Tell us about Off the Air. What inspired you to write it?

Off the Air introduces Jolene Garcia, a local TV reporter in Phoenix, Arizona, trying to cover real issues in a world that seems more interested in reels, clicks, and likes.

When a controversial radio talk show host dies, Jolene’s managers are ecstatic because she conducted his last interview. They’ve got the advantage. But not for long. National media descends on Arizona with bigger budgets and better scoops and Jolene ends up fighting for her job and her life.

Three things inspired Off the Air:

  1. My love of mysteries, especially series. Reading a series brings a sense of comfort and familiarity. I’m invested in the characters and want to know what’s going to happen to them next and how they’ll react in different situations.
  2. My love for Phoenix, a city I never expected to stay past my initial three-year contract in TV news.
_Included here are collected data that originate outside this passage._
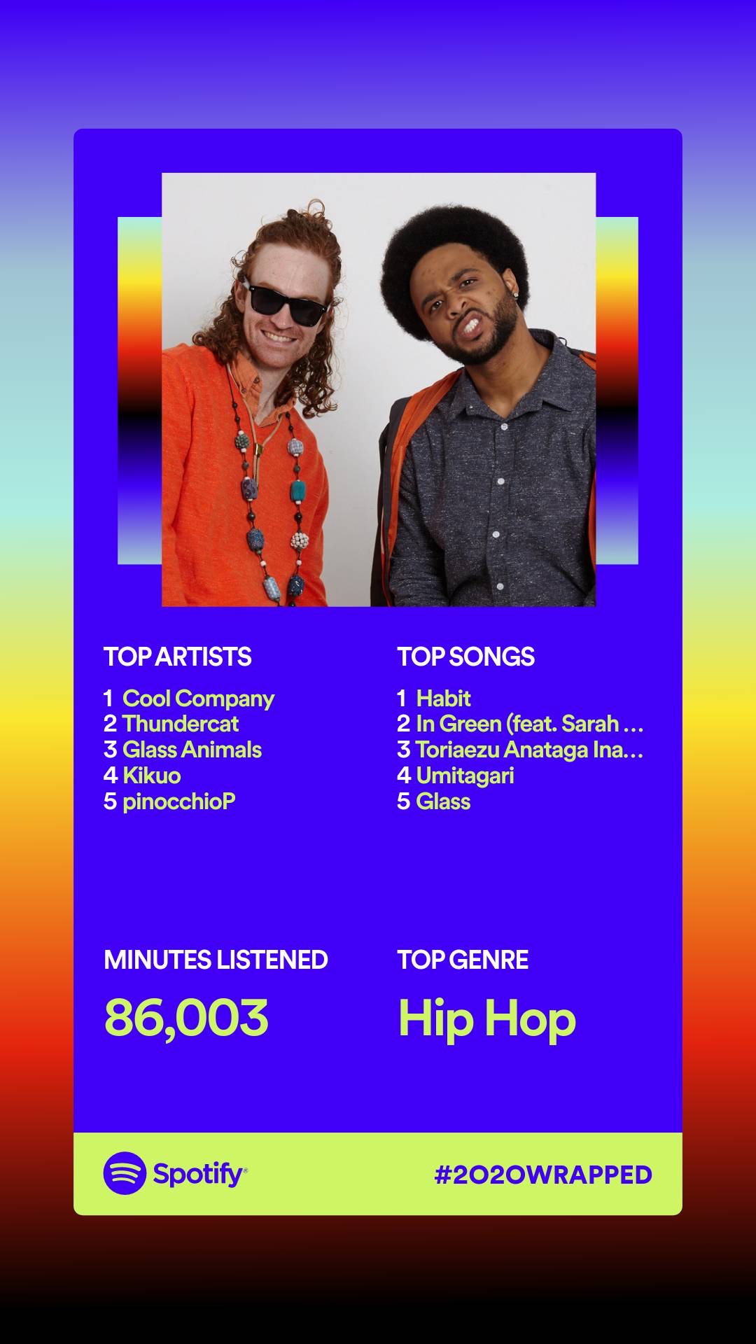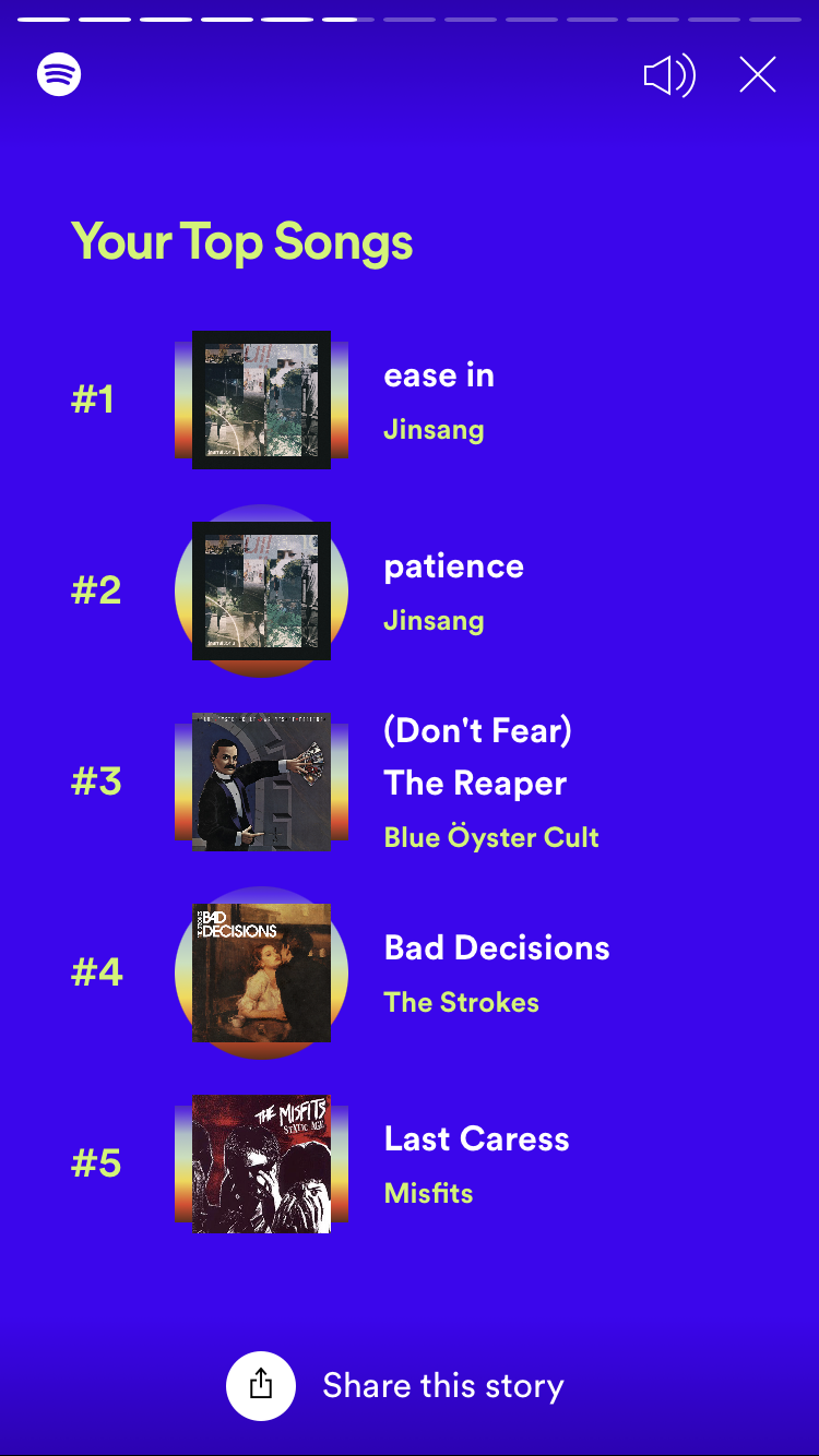 Kinda shocked at 4 and 5—I haven’t listened to Waggaki Band since March, and I really don’t listen to more than one or two Mikito P songs on Spotify. Waggaki Band I guess can be explained by it being backlog from when I still travelled to/from work and my FGC locals, but I have no clue about Mikito P.
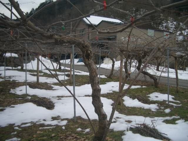 山間地で冬には雪が多く積もる。キウイ栽培には決して適した環境とは言えない。
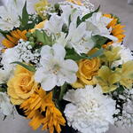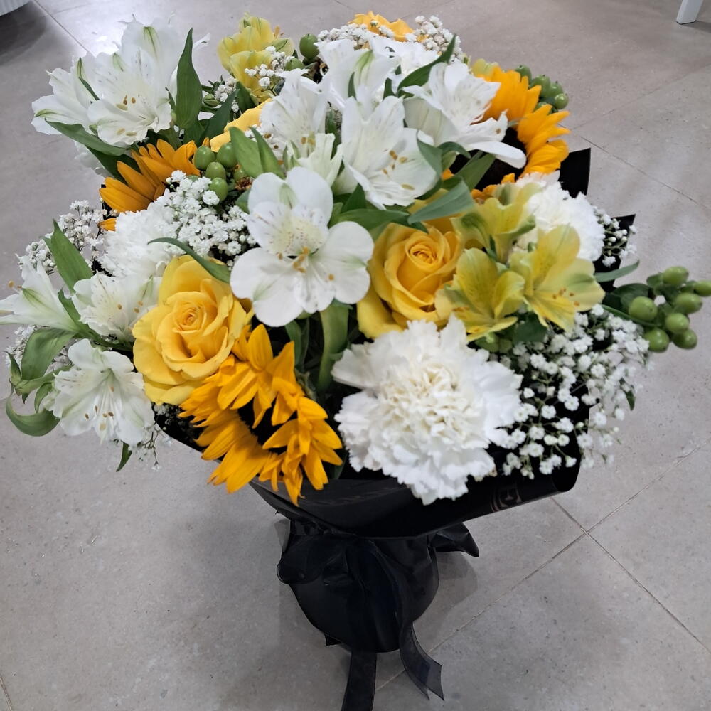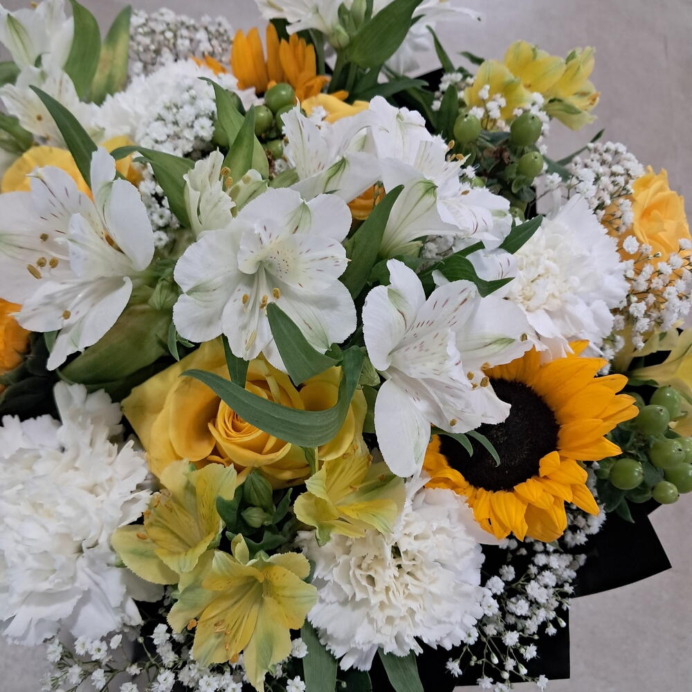 Gypsophila - 6 pcs white carnations - 5 pcs alstroemeria white - 4 pcs alstroemeria yellow - 3 pcs sunflower yellow - 3 pcs yellow roses - 4 pcs hypericum berries green - 4 pcs
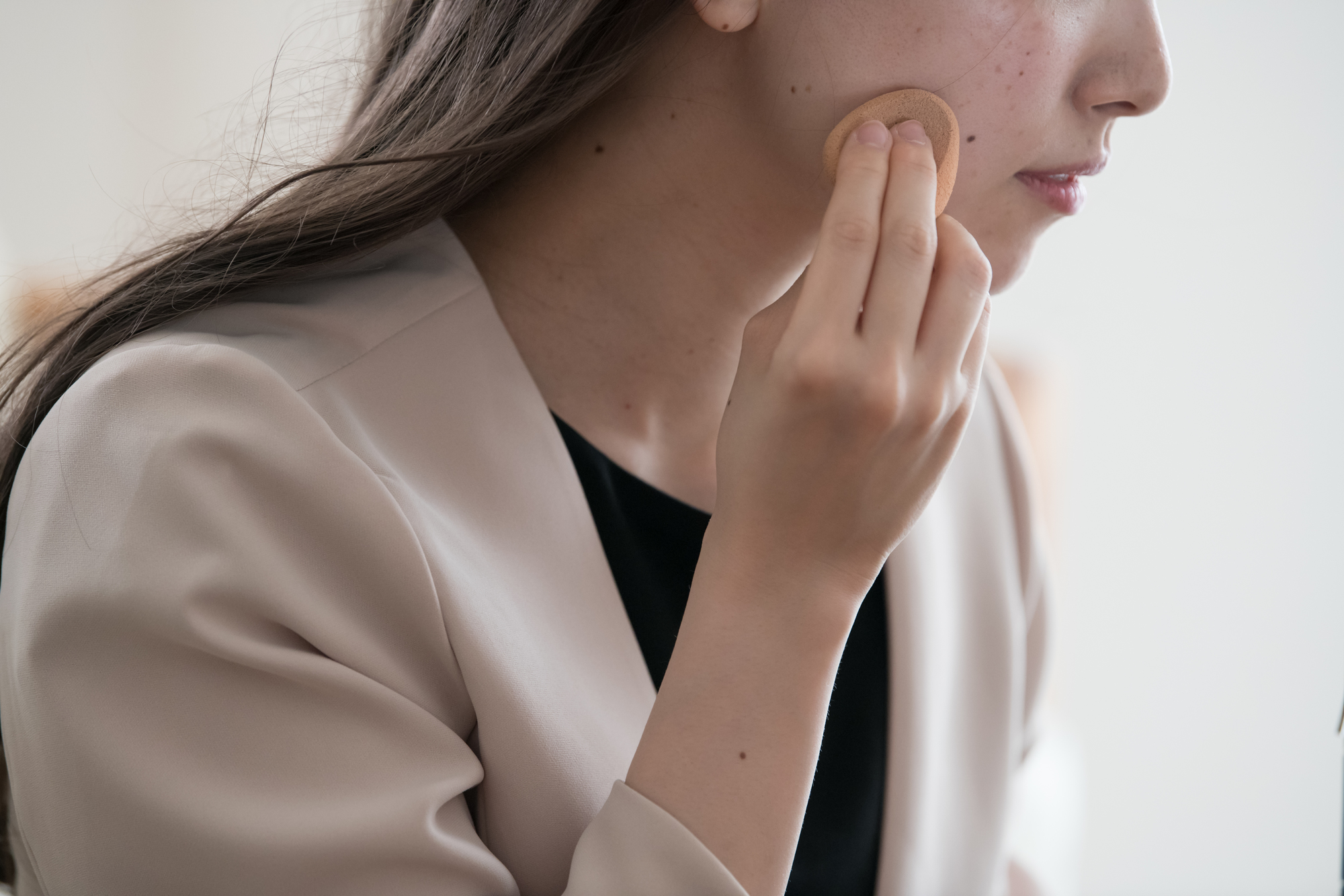 また、スポンジは余分なファンデーションをほどよく吸ってくれるため、厚塗りの防止にも役立ちます。
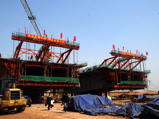 国道107线郑州段改建工程南水北调大桥工程位于K32+471出跨南水北调引水总干渠,干渠过水断面上口宽度76米,根据南水北调总干渠过水断面及河堤通行 净空的要求,采取70米+110米+70米变截面预应力连续梁桥梁跨越,跨中粱高2.8米,中墩墩顶粱高5.5米,该桥桥位 处路水交角90°,主桥采取单箱双室预应力混凝土连续结构,大桥全长共259.32米,并且是全国吊篮工艺单孔跨度最大的公路桥。目前工程紧张顺利,预计6月1号完工。
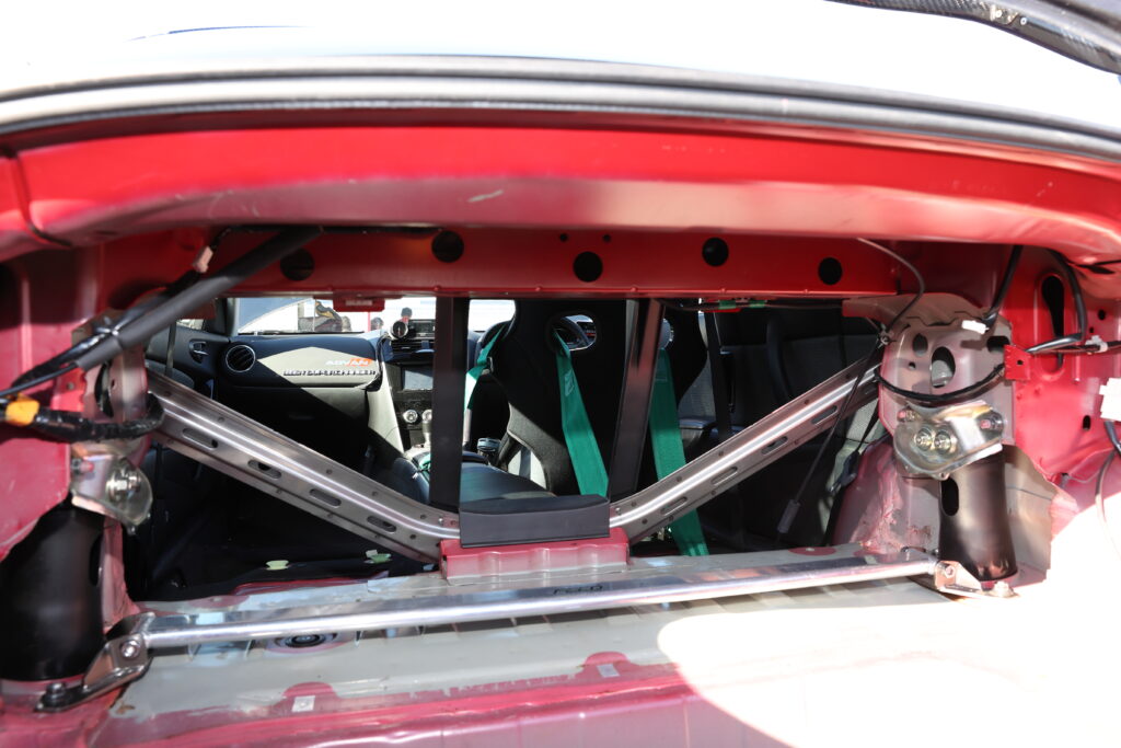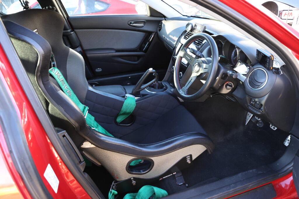 「パワー感はFD3Sのブーストアップのイメージで乗りやすい。1分0秒台が目標でしたが、軽量化なしで1分1秒台はまずまず。パワー的にタイヤは265サイズ、足の煮詰めとファイナル変更でさらにタイム短縮できます」と社員ドライバーの勝木崇文は語る。
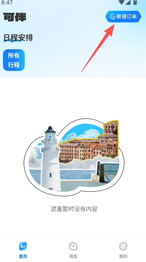 1、具备订单创建功能,打开软件点击首页的新建订单按钮,发起服务订单的创建操作。
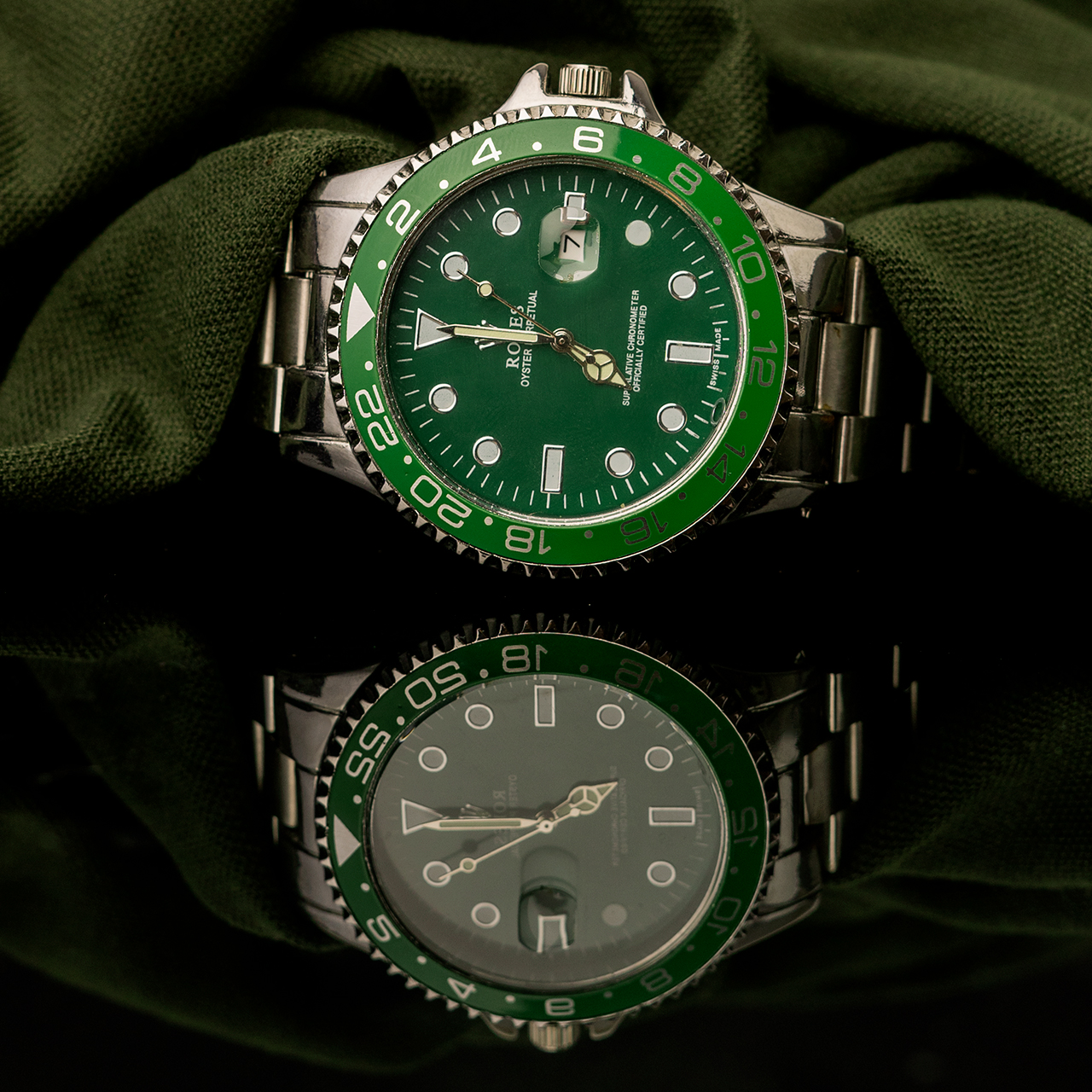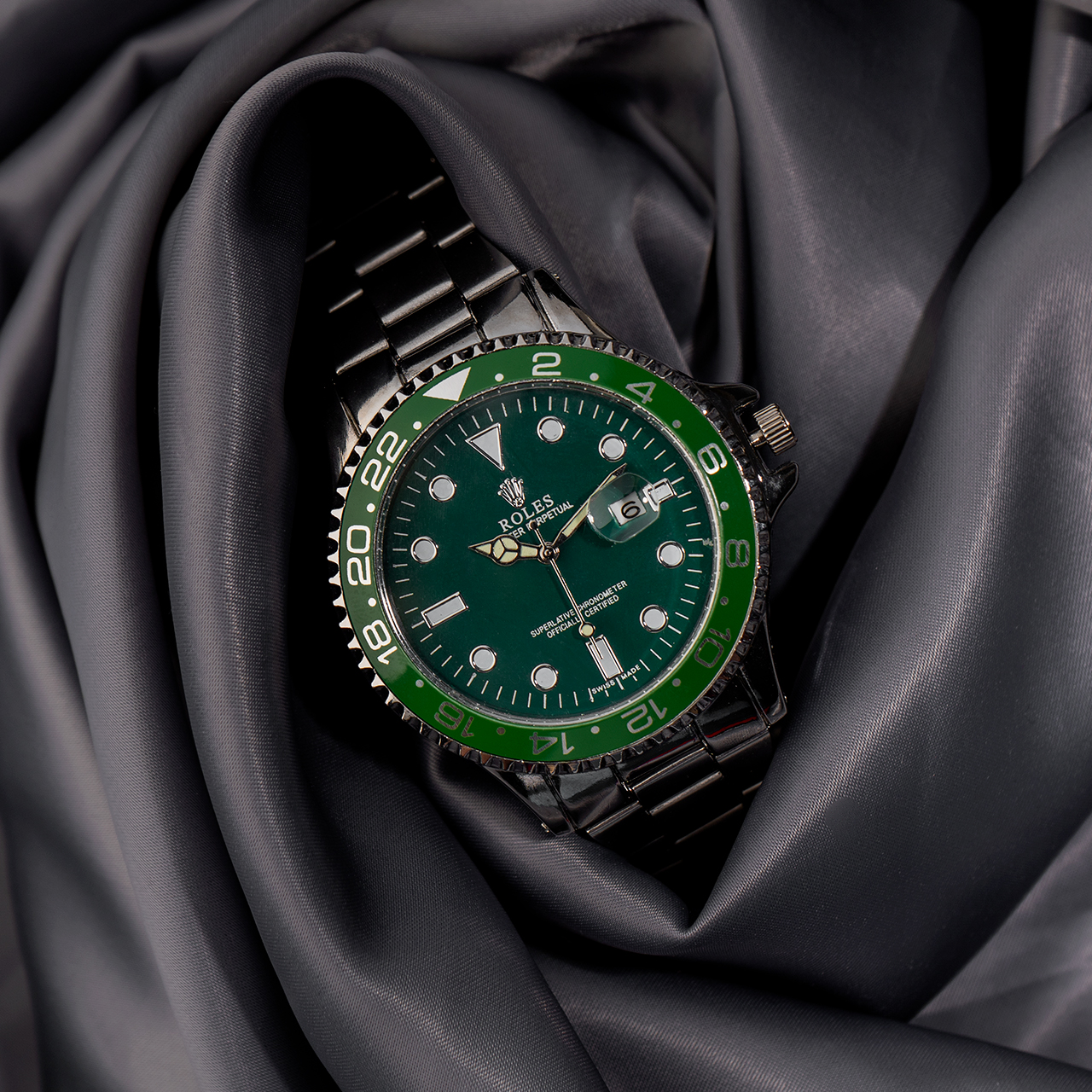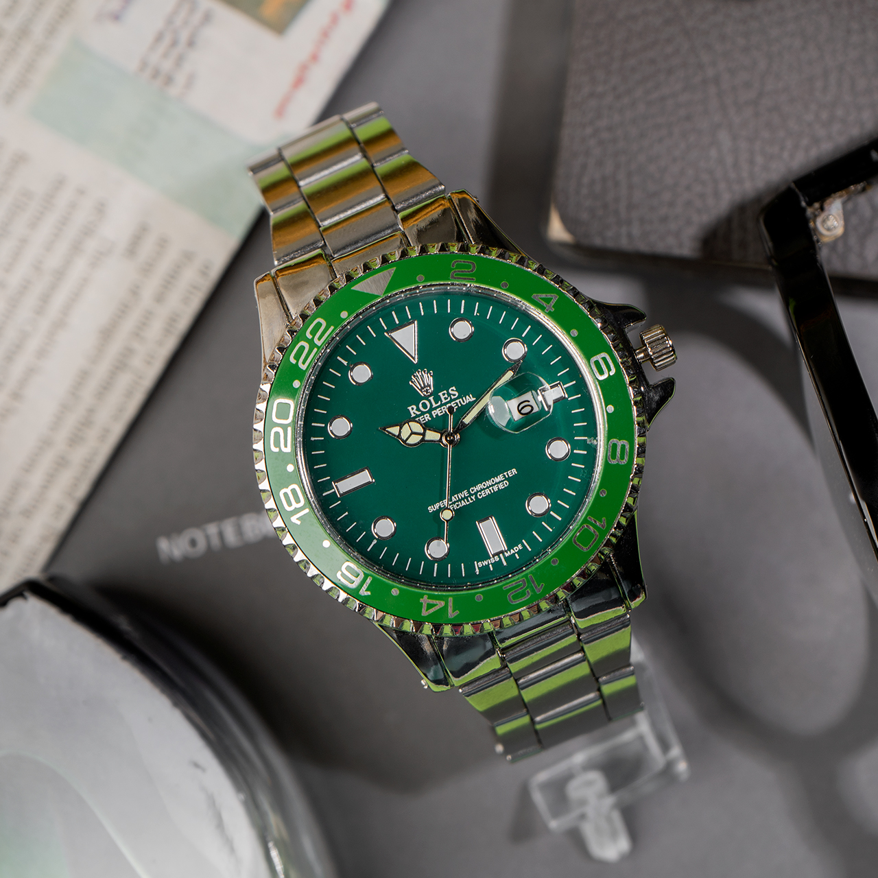 ساعت رولکس نقره ای صفحه سبز مردانه مدل 435

I’ve read countless books set in other big cities and want to read more based in Phoenix. It’s always a thrill to come across a reference, landmark, or business that relates directly to where I live.
  3. My love for local news. I’ve been reporting for more than twenty years and wanted to recognize the thousands of people who work in more than two hundred local TV markets across the United States.

What do you think are the main themes/issues addressed?

While writing, I kept thinking about recognition. We all need it. We want to be recognized at work, home, and in various situations. How we get recognition—or don’t get it—can have a lasting impact. People leave jobs and relationships if they don’t feel valued. My main character, Jolene, seeks recognition through her career. By being the first to report exclusive information or break a story, she gets the acknowledgment she craves. Part of her desire for recognition comes from her upbringing, which she doesn’t yet realize or chooses not to accept.

Did the book require special research? If so, share interesting details about it.

Thanks to my experience, I have many memories to call on. I even mention two real-life stories in Off the Air.

I love reporting about residents who come together to improve their neighborhoods. I included a real situation where neighbors brought balloons and sparkling grape juice to celebrate and witness the demolition of an abandoned restaurant that had become an eyesore.

The other story relates to my personal experience being nominated for an Emmy® for a story about a fish going to the dentist and losing to a story about bubble wrap. In the book, it is Jolene’s loss. It’s been interesting to hear reactions to that vignette. Some readers relate to Jolene’s disappointment, while others laugh.

What do you hope readers will take away?

In addition to entertainment, I hope readers have a better understanding of the people and decisions behind local news. And I hope people look forward to reading more about Jolene’s evolution as a reporter and person.